In some embodiments, the scenario entry may support both the import of local audio and the upload of real-time recordings, with a wider range of application scenarios. In particular, the scenario entry may include a scenario import entry and a scenario recording entry. Here, the scenario import entry may be used to upload locally stored audio information on the client. The scenario recording entry may be used to upload audio information recorded in real time on the client, and the audio information is deleted from the client after the upload is completed. Through the scenario recording entry, the user may directly implement a real-time recording function within the storage service application, and the recorded audio information is directly stored in the cloud of the storage service application. An online audio production flow will not rely on additional recording software and will not occupy the user's local storage space.
It should be noted that a generic entry may also be displayed on the homepage of the storage service application. For users who cannot distinguish their scenarios, they may upload audio information through the generic entry. The generic entry may likewise support both the import of local audio and the upload of real-time recordings. In particular, the generic entry may include a generic import entry and a generic recording entry. Here, the generic import entry may be used to upload locally stored audio information on the client. The generic recording entry may be used to upload audio information recorded in real time on the client, and the audio information is deleted from the client after the upload is completed.
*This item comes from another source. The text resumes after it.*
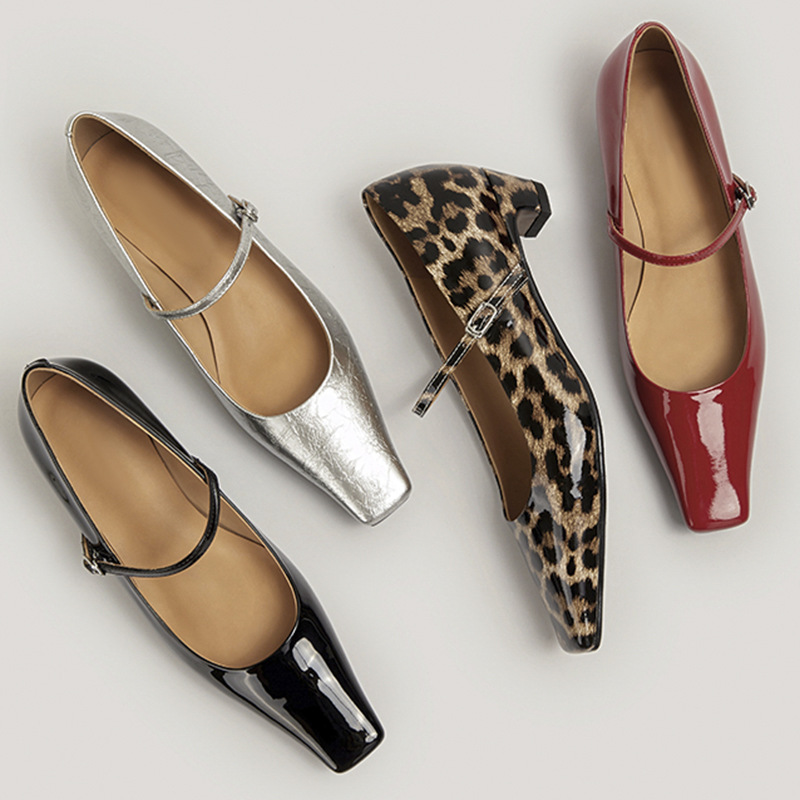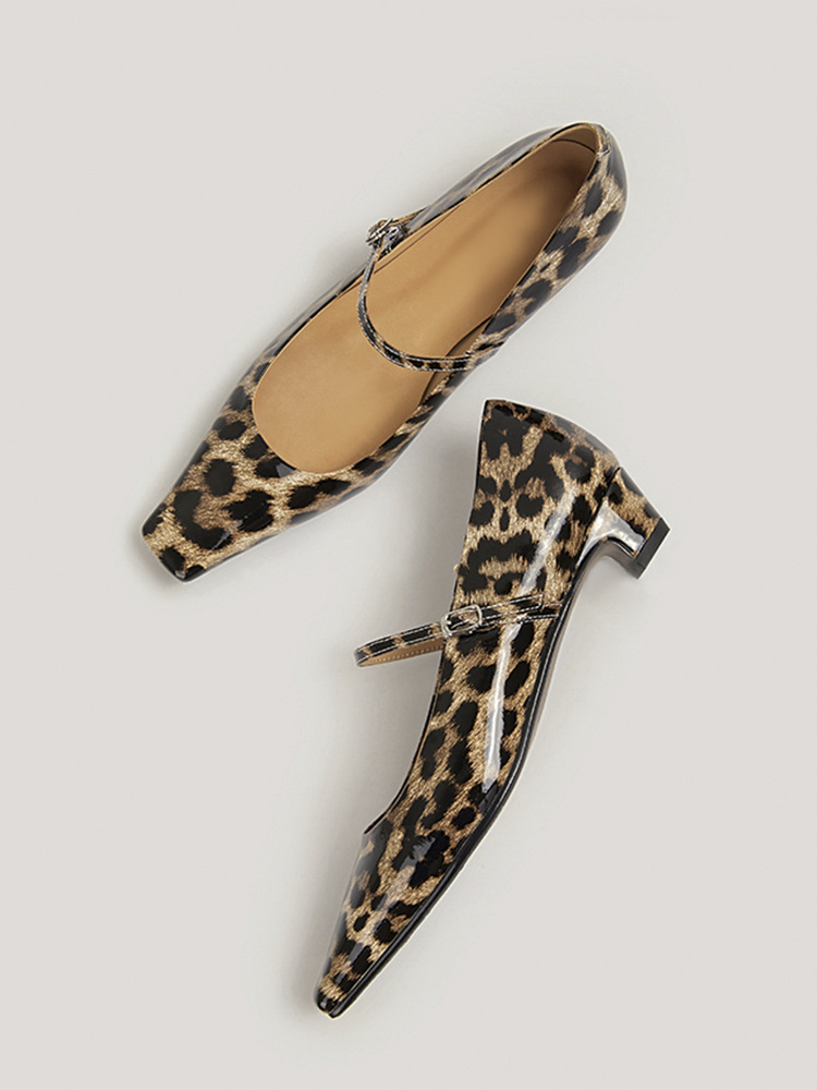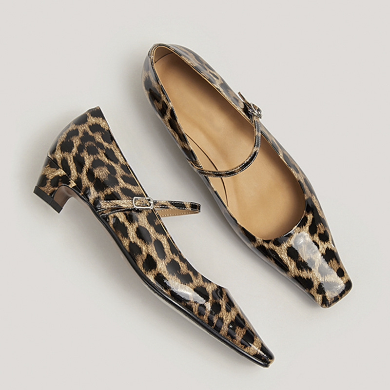 양가죽 버전 프랑스 레오파드 포인트 얕은 최고 특허 가죽 신발 메리 제인 여성 올매치 우아한 스퀘어 발가락 낮은 뒤꿈치 싱글 레이어 신발스토어 가기
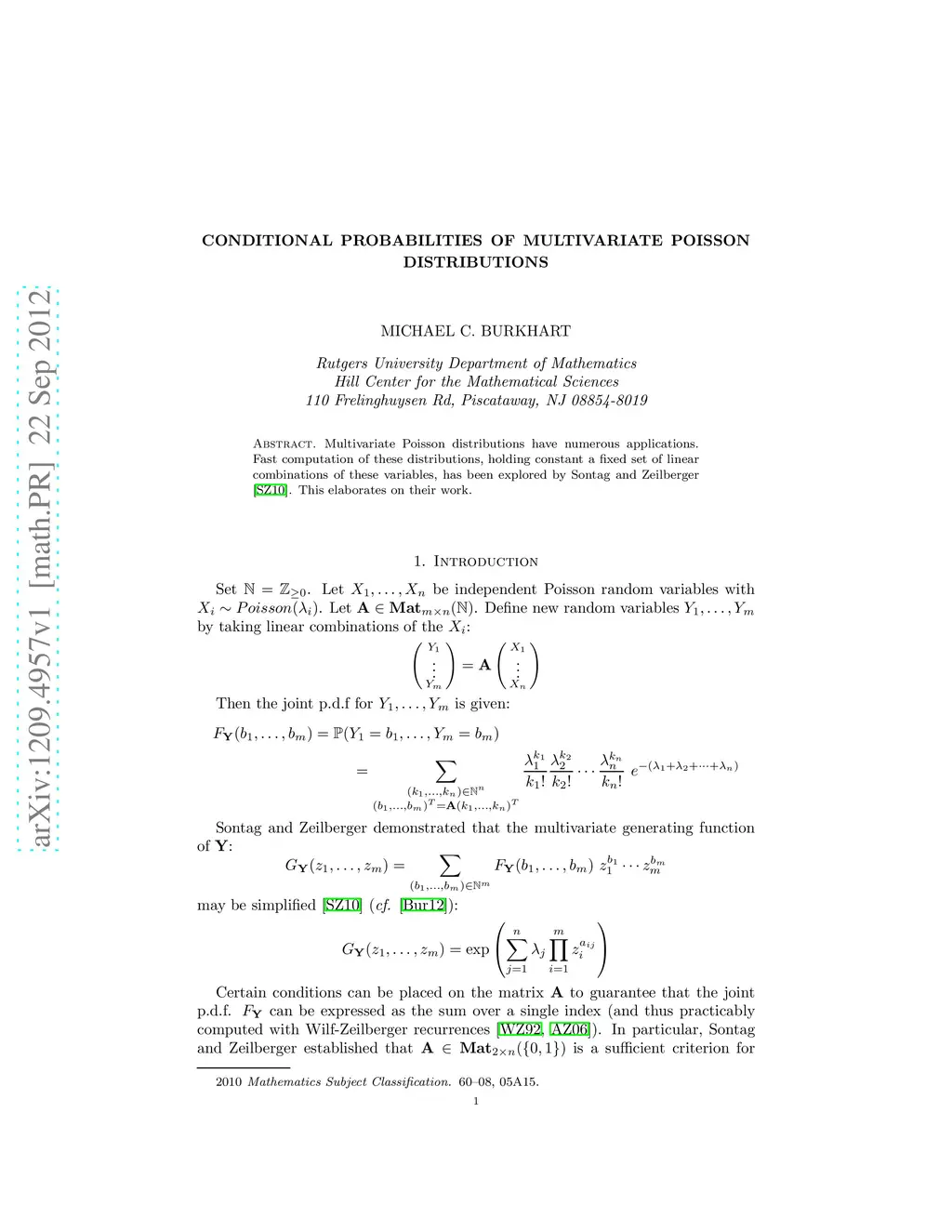 Multivariate Poisson distributions have numerous applications. Fast computation of these distributions, holding constant a fixed set of linear combinations of these variables, has been explored by Sontag and Zeilberger. This elaborates on their work.

Step 202, determining, based on the scenario entry, a scenario type of the audio information.
In the present embodiment, the executing body may determine, based on the scenario entry, the scenario type of the audio information.
The scenario entry may correspond one-to-one with the scenario type. Therefore, based on the scenario entry selected by the user when uploading the audio, the audio information may be automatically categorized. Here, the scenario type may be a type of scenario in which the user is recording the audio. The scenario type may include, but is not limited to: classroom recording, telephone recording, interview recording, or the like. For example, if the user uploads the audio information through a classroom recording scenario entry, it may be determined that the scenario type of the audio information is classroom recording. As another example, if the user uploads the audio information through a telephone recording scenario entry, it may be determined that the scenario type of the audio information is telephone recording. As yet another example, if the user uploads the audio information through an interview recording scenario entry, it may be determined that the scenario type of the audio information is interview recording.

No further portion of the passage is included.